A singing washing machine? A singing radio? You might very well spend the first 20 minutes wondering what on earth you are watching.
But then slowly, very surely, Caroline, Or Change starts to exert its charm – a very considerable charm that will leave you convinced you’ve watched a rare and rather wonderful gem by the end of it all.
If the Minerva is about taking us to very different places we’d never expect to go (and yes, it should be), then this is a production which fits the bill – and then some. Rich, fresh, vibrant, it is also challenging, sparky and moving in equal measure, directed with panache by Michael Longhurst and delivered by a cast firing on all cylinders.
At the end of the first half, there is a simply delightful interplay between the children – Charlie Gallacher, James Gava, Josiah Choto and Abiona Omonua – so natural and so rhythmic that it would pretty well justify the ticket price on its own – quite apart from all the other pleasures by now in full flow.
It’s 1963 in Lake Charles, Louisiana. Caroline Thibodeaux – played with commanding stillness by Sharon D Clarke – is an African American maid earning thirty dollars a week working for the Jewish Gellman family.

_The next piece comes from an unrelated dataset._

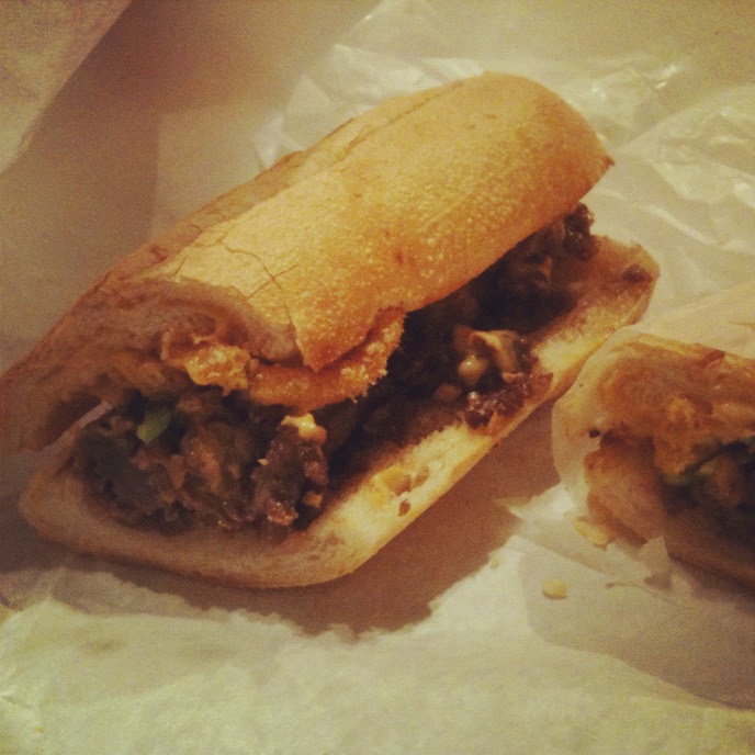 The second time, this cheesesteak almost tasted like a caricature of the sandwich I had the week before. I don’t know what went wrong in the process (or what went right the first time), but I suspect the proportions were off. By taste, at least, there was less steak and fewer jalapenos and way more miso Whiz and Funyuns. The Funyuns didn’t present as much crunch but the salt remained, and the extra miso Whiz meant that saltiness and miso flavor dominated the sandwich. Still really good, mind you, just nowhere near as delicious as the one I had the week before.

The object of eight-year-old Noah’s attentions, she is also the object of the misplaced, well-meaning efforts of Noah’s step mum to slip her some change – an affront to Caroline’s dignity as she tries to cling on to pride.
But this is a time of change of a vaster kind. Pressure for civil right is growing; Kennedy flickers brightly before his assassination; and Caroline’s daughter – Abiona Omonua as Emmie in probably the night’s star turn – is from a generation demanding much, much more.
With book and lyrics by Tony Kushner and music by Jeanine Tesori, the show starts to romp along, mixing blues, soul, Motown, classical music and Jewish folk songs in a winning mix, with only the more Sondheim-y numbers grating – purely a matter of taste, of course.
The story itself is slight, but its import is huge as Caroline is buffeted by the change all around her. Will she finally react? Clarke’s performance is measured but leaves us in no doubt as to the depth of her feelings as the world threatens to run away from her.
Meanwhile, in the background, the tenderest of stories is being played out quite beautifully between a stepmother perhaps over eager to please and a stepson struggling to cope with his grief. Charlie Gallacher shows remarkable stage presence and self-possession as the boy; Lauren Ward as Rose gives us a brittleness that shows that she’s struggling too.
Put it altogether, and with 40 Years On presumably still misfiring in the main-house, this is the night the 2017 summer season comes alive.